No Brasil, há uma orientação específica para crianças menores de 2 anos. Em situações de rotina, a vacina febre amarela e a tríplice viral ou tetraviral não devem ser administradas simultaneamente, e recomenda-se intervalo mínimo de 30 dias entre elas. O ensaio randomizado brasileiro “Mutual interference on the immune response to yellow fever vaccine and a combined vaccine against measles, mumps and rubella”, publicado em Vaccine, identificou possível interferência na resposta imunológica quando essas vacinas foram aplicadas no mesmo dia nessa faixa etária.

“Os intervalos existem porque algumas combinações podem interferir na resposta esperada, e não porque o organismo precise se recuperar de uma vacina para receber outra.
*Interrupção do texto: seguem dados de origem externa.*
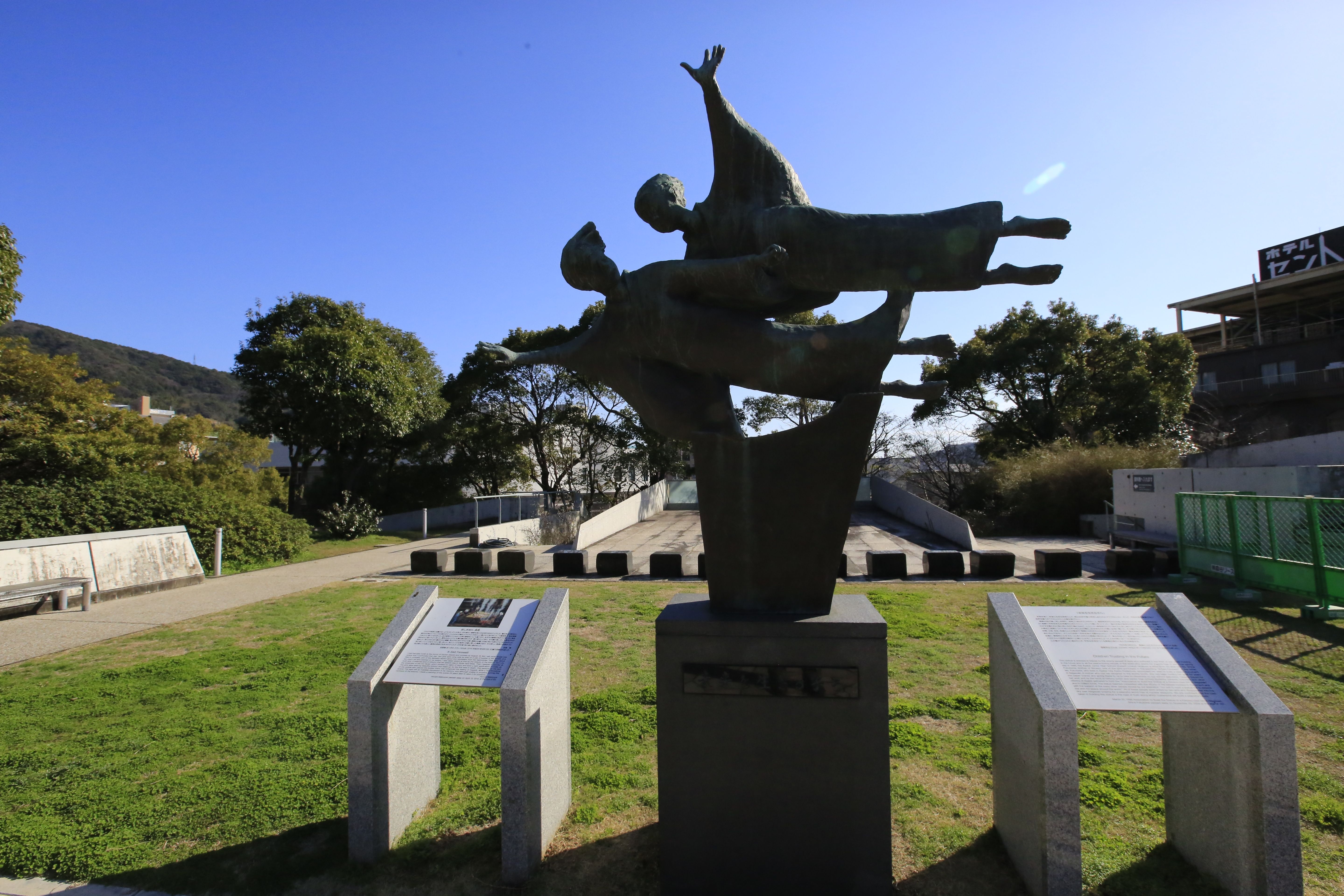 下午驅車前往長崎市核彈原爆點。以肅穆心情進入資料館內參觀,館內展示原爆的相關史料,牆上時鐘停在 11時02分的時鐘,似乎有意警示世人不要忘記戰爭的殘酷,以及核彈的毀滅性。走出園區外一尊尊的雕像,立於光影底下,合十為原爆犧牲者祈福吧!願亡者安息,來著以慈悲心看待生命可貴!

Por isso, é importante seguir o esquema indicado para cada idade e condição de saúde”, afirma Maria Isabel de Moraes-Pinto.

E o nirsevimabe?

O nirsevimabe, comercializado como Beyfortus, não é uma vacina, mas um anticorpo monoclonal que fornece proteção passiva contra o vírus sincicial respiratório (VSR). As vacinas, por sua vez, estimulam o organismo a produzir sua própria resposta imune. 

“Vacinas estimulam o organismo a desenvolver uma resposta imunológica. Anticorpos monoclonais, como o nirsevimabe, fornecem proteção passiva. São mecanismos diferentes e cada produto tem suas próprias recomendações de uso”, explica Annelise Correa Wengerkievicz Lopes, diretora médica da Dasa e responsável técnica do laboratório Santa Luzia. 

A administração do nirsevimabe junto às vacinas de rotina deve seguir as recomendações específicas para a idade da criança. Para gestantes e adultos mais velhos, as vacinas VSR também possuem indicações próprias.

Para quem está com a carteira de vacinação atrasada, criar intervalos sem indicação pode prolongar o período sem proteção. Quando diferentes vacinas estão indicadas e não existe uma recomendação específica para separá-las, a coadministração pode permitir a atualização da proteção em uma mesma visita.